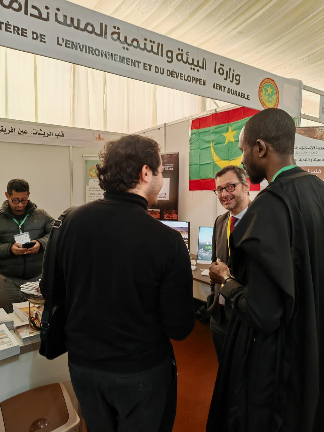وشهد جناح الوزارة إقبالًا لافتًا من عدد من الشخصيات الرسمية والدبلوماسية، في دلالة واضحة على الاهتمام المتزايد بالمبادرات والبرامج البيئية المعروضة. ومن بين أبرز الزوار سعادة سفير الجمهورية الفرنسية لدى موريتانيا، السيد سبستيان بنييه، إلى جانب السيدة أغنيس بلاسيل، المستشارة الأولى ورئيسة قسم الشؤون السياسية والإعلام والصحافة ببعثة الاتحاد الأوروبي.
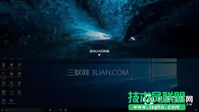 所谓滑动关机,顾名思义,就是滑动着关机,桌面先出现一个锁屏壁纸,然后有“滑动以关闭电脑”几个字,点住往下拉动即可关机。
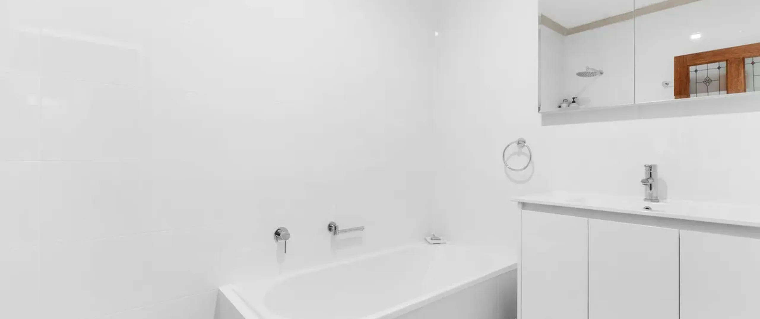 - Sparkling white bathroom with floor to ceiling tiles, separate bath and shower + separate toilet
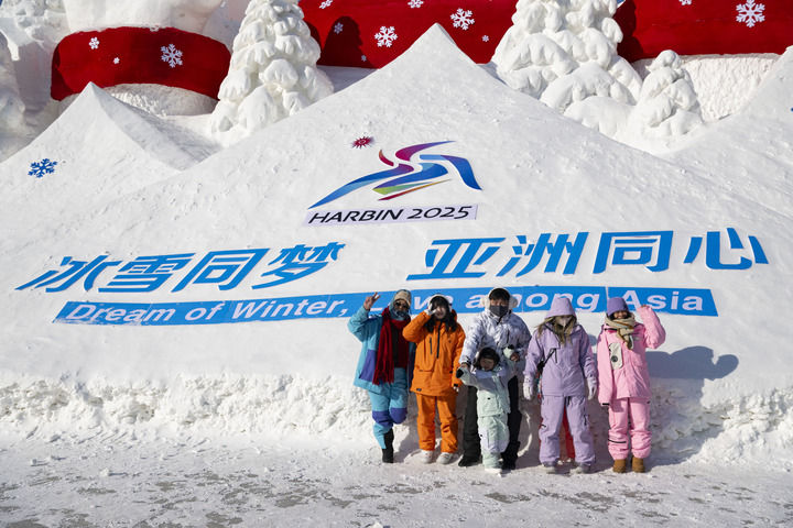 時隔近30年,哈爾濱再度與亞冬會結緣。松花江北岸的冰雪大世界里,中國天壇祈年殿遙對新加坡魚尾獅,印度泰姬陵“遇見”卡塔爾盧塞爾體育場……亞奧理事會成員國家和地區(qū)的地標景觀,以冰雪之姿與游客見面,一幅冰雪盛會的美麗圖卷徐徐展開。
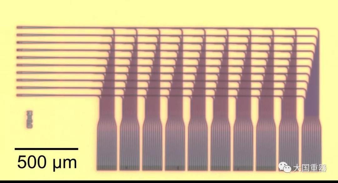 堆疊的波導結構形成一個三維網格,該網格具有10個輸入神經元,每個神經元連接到10個輸出神經元,共計100個接收器。這些波導結構是在硅晶圓上制造的,由氮化硅制成,每個波導結構長度為800納米(nm),厚度為400nm。研究人員開發(fā)了一種可自動生成信號布線的軟件,并在神經元之間能進行可調節(jié)的連接。
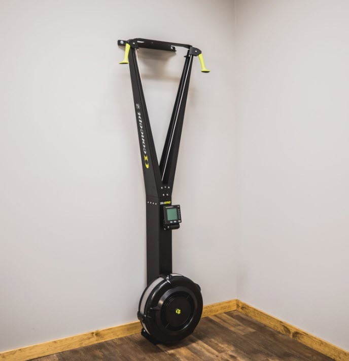 The SkiErg can be mounted on a wall to provide the most compact option. Wall mounting also allows the greatest flexibility for setting up seating like a stool, higher seat, or rolling up a wheelchair.
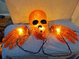 Celebrate! Halloween Light Up Skull With Hands Orange Indoor Outdoor Decor 3 pc
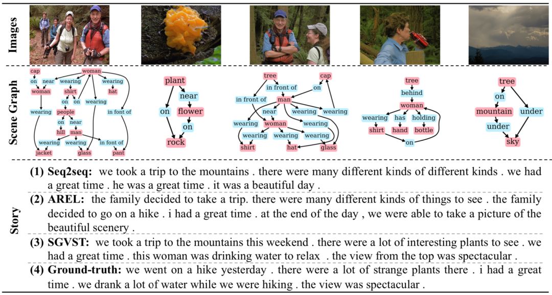 图4展示了3种不同模型生成的故事和真实故事的样例。第一行是输入的一个图像序列。第二行是生成出的场景图。第三行是不同模型生成的故事。可以看出SGVST生成的故事更通顺,而且信息更丰富、更有表现力。
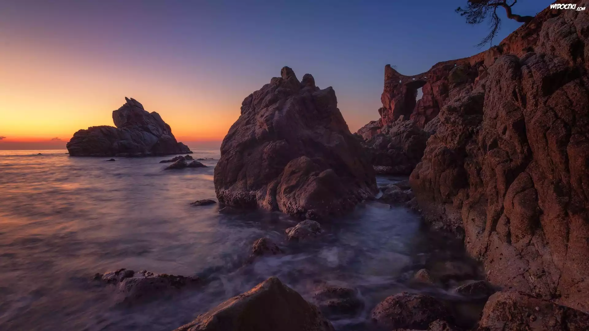 Zdjęcia, Zachód słońca, Morze, Skały, Drzewo
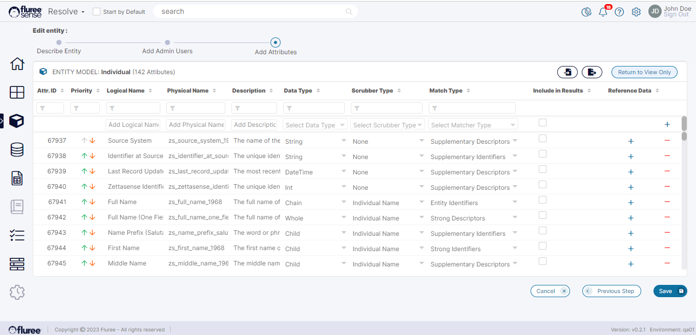 You can follow the workflow as shown above till the beginning of the third step. Once you reach the third step (by clicking the ‘Next Step’ button), you will be in the ‘Add Attributes’ tab. Initially, the screen loads displaying the attributes. On the upper right-hand side of the screen, you will see a button labeled ‘Edit Entity Mode’. Clicking on it will refresh the system and you will now be able to see the attributes in edit mode. You can edit the attributes and click the ‘Save’ button when done. While you are in the edit mode, you will see that the upper button on the screen has toggled to ‘Return To View Only’. Clicking this button will take you to the initial view-only Entity Attributes screen.
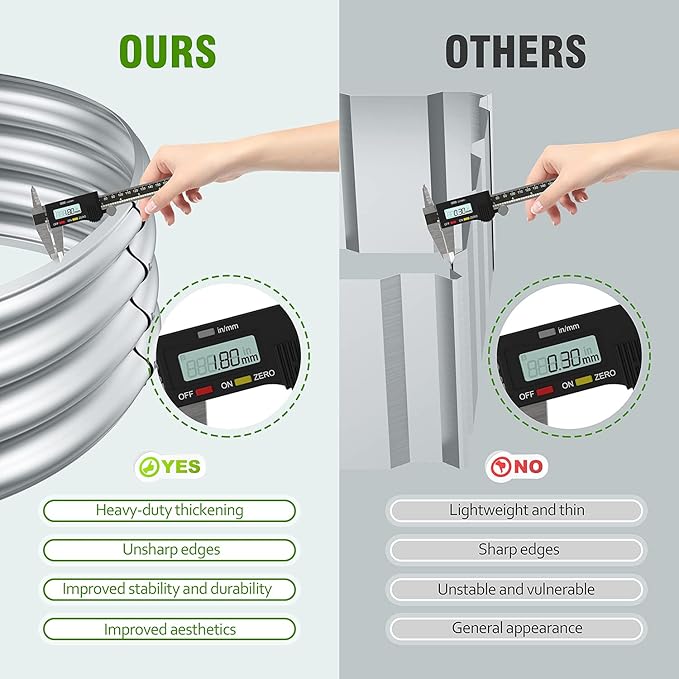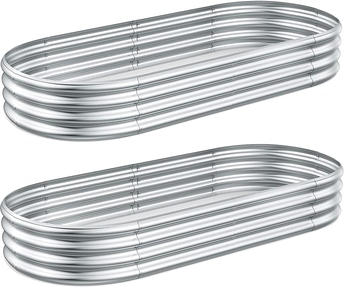 - 🍀 DURABLE RAISED GARDEN BEDS OUTDOOR: Made of stable thickened galvanized steel raised garden bed, double-layer anti-corrosion galvanizing and oval structure design, which is more beautiful, is not easy to loose, and the interface will not Deformed to keep your garden bed for long time use.
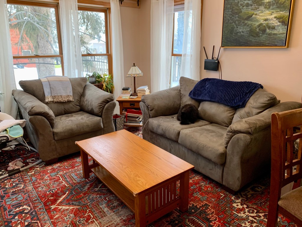 So then I started surfing furniture store sales and Amazon and Jo Ann Fabrics and a few other random stores. I found new curtains, new loveseat and chair, and a new shelving unit to hold the few items we needed to keep from the desk. We got my Mom’s old coffee table out of the attic (we’d put it away to protect it from kids 6 years ago). And I went to town sorting, organizing, trashing, and donating. I listed a bunch of stuff on our local “Buy Nothing” site, and donated an entire car load of stuff we don’t need, don’t use, and don’t want.
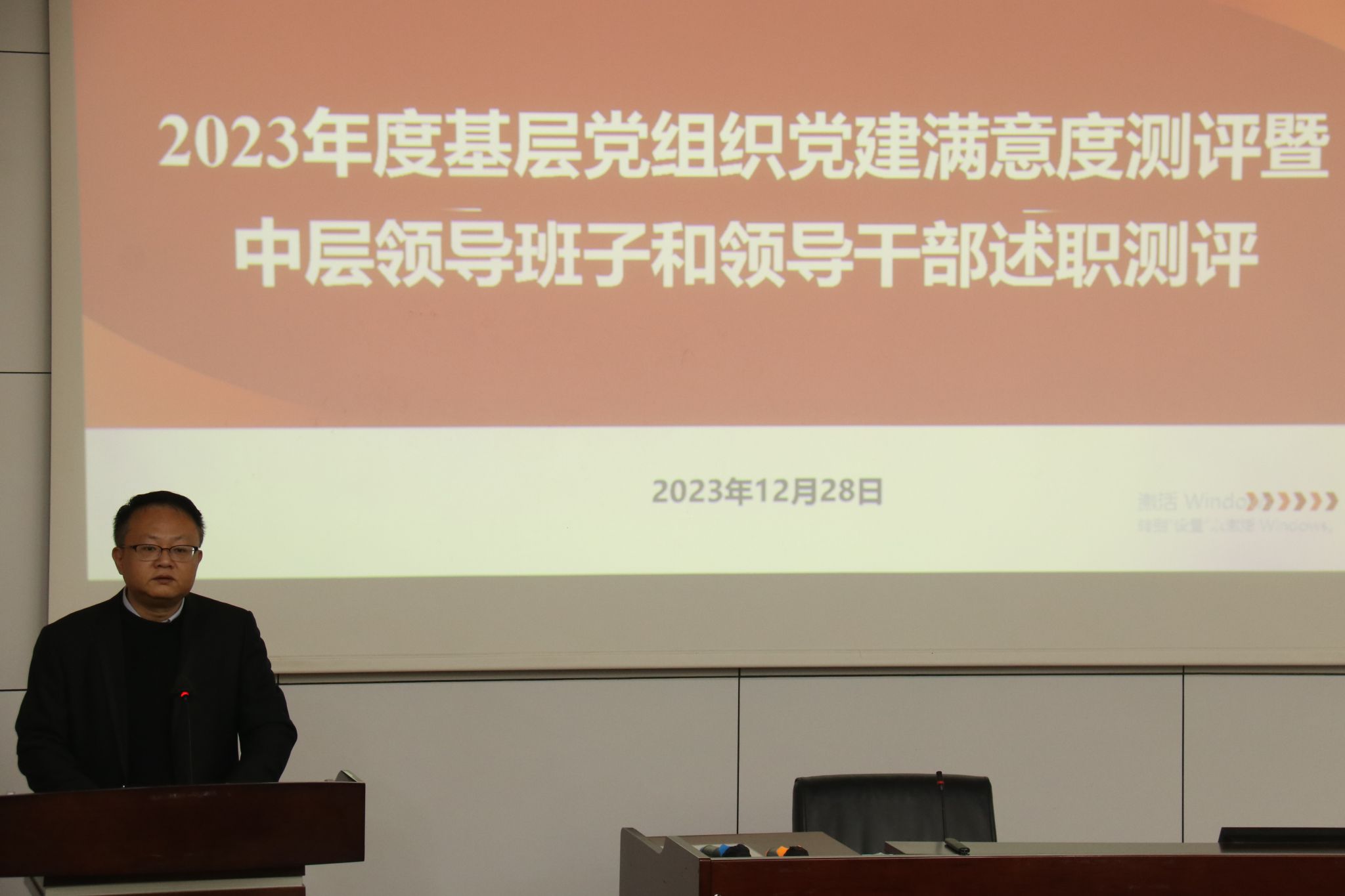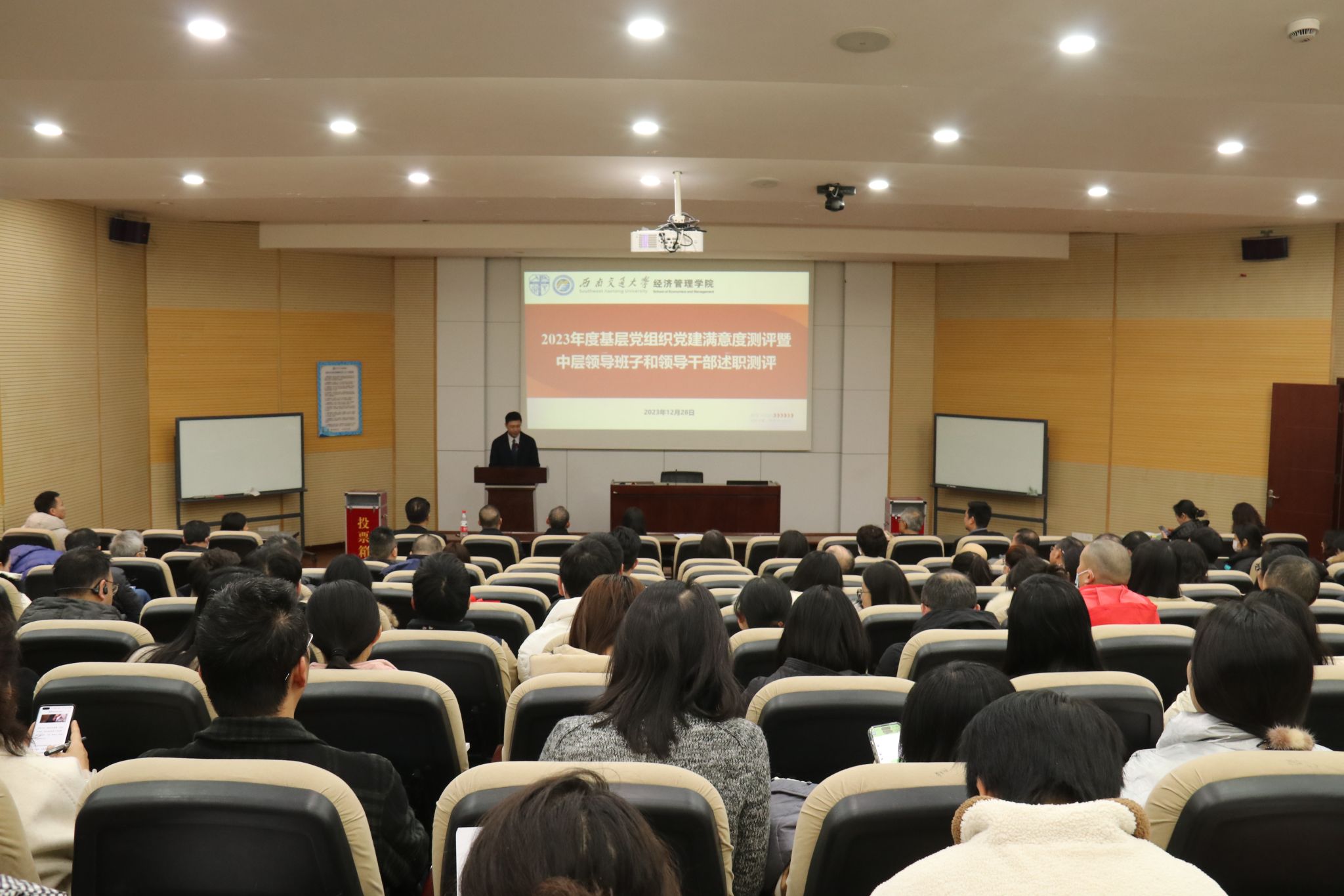 按照学校党委工作部署,2023年12月28日下午16:00,今年会2023年度党建满意度测评暨中层领导班子和领导干部述职测评大会在九里校区0215教室召开。学院党政领导班子全体成员,学院教职工和学生党员代表参加测评,会议由学院党委书记郭强主持。
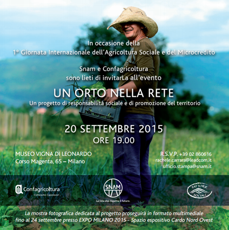 Con una mostra del fotografo e paesaggista Christian Sinibaldi (collaboratore del The Guardian e vincitore di numerosi premi), si inaugura domenica 20 settembre alla Vigna di Leonardo di Milano “Un Orto nella Rete” il progetto di sostenibilità e agricoltura sociale realizzato da Snam in collaborazione con Confagricoltura. Sinibaldi documenta nello stile del reportage l’attività sociale svolta da Snam a Terranuova Bracciolini (AR) dove ha affidato alla cooperativa Betadue in comodato d’uso un’area confinante con il proprio impianto di compressione del gas naturale.
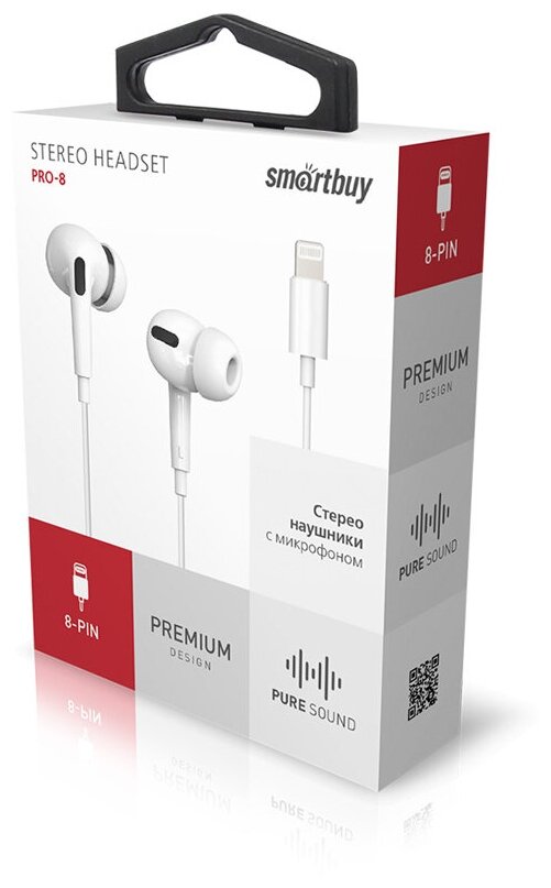 Наушники-вкладыши с микрофоном SmartBuy Pro-8, 8pin (Lightning), 2 пары сменных амбушюр, 1,1м, белый
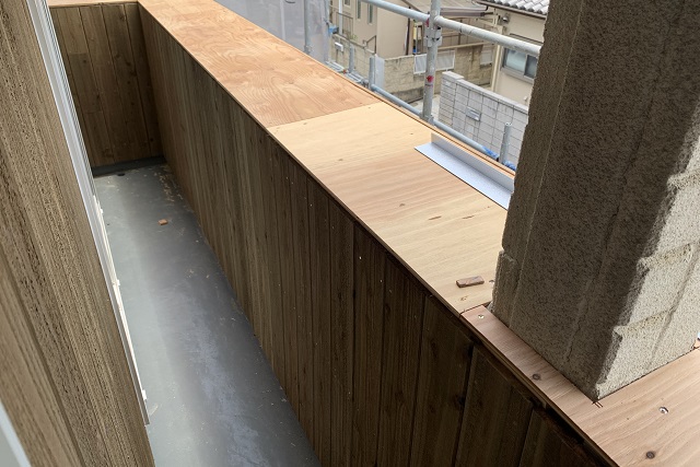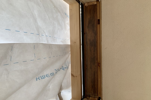 「透湿防水シート」の役割は、外からの雨漏りを防ぎつつ、家の中の湿気を外に逃がすこと。水分は木造住宅にとって大敵ですからね。
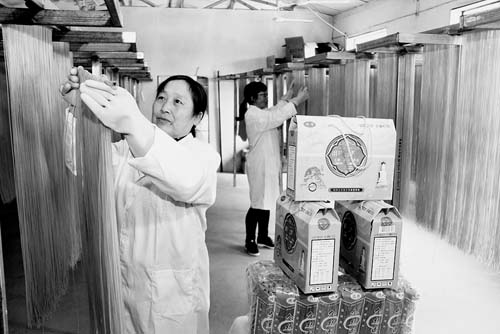 7月20日,工人正在晾曬生產(chǎn)出的“河撈面”。始制于北宋年間的五臺縣民間美食“河撈面”,如今又被該縣豆村鎮(zhèn)列為產(chǎn)業(yè)扶貧項(xiàng)目。在當(dāng)?shù)?,一個由興坪村“霞輝”玉米加工專業(yè)合作社生產(chǎn)出的玉米、高粱、蕎麥、大豆等12類盒裝與袋裝產(chǎn)品,已俏銷太原、忻州等食品市場,年產(chǎn)值達(dá)56萬元。(金俊賢 攝)

• [Task to complete]: Exclude the images and copy every record above exactly.

• [Finished exercise]:
وشهد جناح الوزارة إقبالًا لافتًا من عدد من الشخصيات الرسمية والدبلوماسية، في دلالة واضحة على الاهتمام المتزايد بالمبادرات والبرامج البيئية المعروضة. ومن بين أبرز الزوار سعادة سفير الجمهورية الفرنسية لدى موريتانيا، السيد سبستيان بنييه، إلى جانب السيدة أغنيس بلاسيل، المستشارة الأولى ورئيسة قسم الشؤون السياسية والإعلام والصحافة ببعثة الاتحاد الأوروبي.
 所谓滑动关机,顾名思义,就是滑动着关机,桌面先出现一个锁屏壁纸,然后有“滑动以关闭电脑”几个字,点住往下拉动即可关机。
 - Sparkling white bathroom with floor to ceiling tiles, separate bath and shower + separate toilet
 時隔近30年,哈爾濱再度與亞冬會結緣。松花江北岸的冰雪大世界里,中國天壇祈年殿遙對新加坡魚尾獅,印度泰姬陵“遇見”卡塔爾盧塞爾體育場……亞奧理事會成員國家和地區(qū)的地標景觀,以冰雪之姿與游客見面,一幅冰雪盛會的美麗圖卷徐徐展開。
 堆疊的波導結構形成一個三維網格,該網格具有10個輸入神經元,每個神經元連接到10個輸出神經元,共計100個接收器。這些波導結構是在硅晶圓上制造的,由氮化硅制成,每個波導結構長度為800納米(nm),厚度為400nm。研究人員開發(fā)了一種可自動生成信號布線的軟件,并在神經元之間能進行可調節(jié)的連接。
 The SkiErg can be mounted on a wall to provide the most compact option. Wall mounting also allows the greatest flexibility for setting up seating like a stool, higher seat, or rolling up a wheelchair.
 Celebrate! Halloween Light Up Skull With Hands Orange Indoor Outdoor Decor 3 pc
 图4展示了3种不同模型生成的故事和真实故事的样例。第一行是输入的一个图像序列。第二行是生成出的场景图。第三行是不同模型生成的故事。可以看出SGVST生成的故事更通顺,而且信息更丰富、更有表现力。
 Zdjęcia, Zachód słońca, Morze, Skały, Drzewo
 You can follow the workflow as shown above till the beginning of the third step. Once you reach the third step (by clicking the ‘Next Step’ button), you will be in the ‘Add Attributes’ tab. Initially, the screen loads displaying the attributes. On the upper right-hand side of the screen, you will see a button labeled ‘Edit Entity Mode’. Clicking on it will refresh the system and you will now be able to see the attributes in edit mode. You can edit the attributes and click the ‘Save’ button when done. While you are in the edit mode, you will see that the upper button on the screen has toggled to ‘Return To View Only’. Clicking this button will take you to the initial view-only Entity Attributes screen.
 - 🍀 DURABLE RAISED GARDEN BEDS OUTDOOR: Made of stable thickened galvanized steel raised garden bed, double-layer anti-corrosion galvanizing and oval structure design, which is more beautiful, is not easy to loose, and the interface will not Deformed to keep your garden bed for long time use.
 So then I started surfing furniture store sales and Amazon and Jo Ann Fabrics and a few other random stores. I found new curtains, new loveseat and chair, and a new shelving unit to hold the few items we needed to keep from the desk. We got my Mom’s old coffee table out of the attic (we’d put it away to protect it from kids 6 years ago). And I went to town sorting, organizing, trashing, and donating. I listed a bunch of stuff on our local “Buy Nothing” site, and donated an entire car load of stuff we don’t need, don’t use, and don’t want.
 按照学校党委工作部署,2023年12月28日下午16:00,今年会2023年度党建满意度测评暨中层领导班子和领导干部述职测评大会在九里校区0215教室召开。学院党政领导班子全体成员,学院教职工和学生党员代表参加测评,会议由学院党委书记郭强主持。
 Con una mostra del fotografo e paesaggista Christian Sinibaldi (collaboratore del The Guardian e vincitore di numerosi premi), si inaugura domenica 20 settembre alla Vigna di Leonardo di Milano “Un Orto nella Rete” il progetto di sostenibilità e agricoltura sociale realizzato da Snam in collaborazione con Confagricoltura. Sinibaldi documenta nello stile del reportage l’attività sociale svolta da Snam a Terranuova Bracciolini (AR) dove ha affidato alla cooperativa Betadue in comodato d’uso un’area confinante con il proprio impianto di compressione del gas naturale.
 Наушники-вкладыши с микрофоном SmartBuy Pro-8, 8pin (Lightning), 2 пары сменных амбушюр, 1,1м, белый
 「透湿防水シート」の役割は、外からの雨漏りを防ぎつつ、家の中の湿気を外に逃がすこと。水分は木造住宅にとって大敵ですからね。
 7月20日,工人正在晾曬生產(chǎn)出的“河撈面”。始制于北宋年間的五臺縣民間美食“河撈面”,如今又被該縣豆村鎮(zhèn)列為產(chǎn)業(yè)扶貧項(xiàng)目。在當(dāng)?shù)?,一個由興坪村“霞輝”玉米加工專業(yè)合作社生產(chǎn)出的玉米、高粱、蕎麥、大豆等12類盒裝與袋裝產(chǎn)品,已俏銷太原、忻州等食品市場,年產(chǎn)值達(dá)56萬元。(金俊賢 攝)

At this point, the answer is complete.